In a letter last week to EPA Administrator Scott Pruitt, DEC Commissioner Basil Seggos said EPA “appears desperate to come to a conclusion which is simply not supported by the current conditions of the Hudson River … EPA has abandoned its responsibilities.”
While EPA set a Friday deadline for comments before the agency decides whether to declare dredging complete — which likely would remove future environmental liability from GE — Seggos said the state will submit its own tests for remaining PCB spots in the river with EPA this fall.
DEC has invested $2 million to gather 1,600 water and river bottom samples this summer from Troy to Fort Edward.
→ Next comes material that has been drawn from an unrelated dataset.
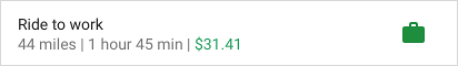 नीचे मौजूद 'काम करने के लिए राइड करें' पंक्ति में, काम करने की दूरी डाइनैमिक तौर पर तय की गई है साथ ही, ऐसा भी हो सकता है कि यह सुविधा तुरंत उपलब्ध न हो. उदाहरण कोड में बताया गया है कि सामग्री लोड होने के दौरान प्लेसहोल्डर के रूप में सबटाइटल:

EPA also disputes the 2016 findings by NOAA and the U.S. Fish and Wildlife Service, the third federal trustee for the Hudson, that PCB levels in fish at the end of dredging were higher than had been predicted when the cleanup began.
GE dredged a 40-mile section of river from Fort Edward to Troy for seven years, under EPA oversight, before concluding in the late summer of 2015. The company has steadfastly maintained it has met the terms of it agreement with EPA and is not required to do any more.
Another scientific study that claims the cleanup won’t meet the goals set in 2002 was also submitted to EPA by the environmental groups Scenic Hudson and Riverkeeper.
That study, by the firm of S.S. Papadoulous and Associates, found that EPA’s predictions that fish could be again safe for regular human consumption within 55 years, or possibly later, were “so uncertain as to be meaningless.”
Several attempts to reach U.S. Fish and Wildlife officials for comment were not successful.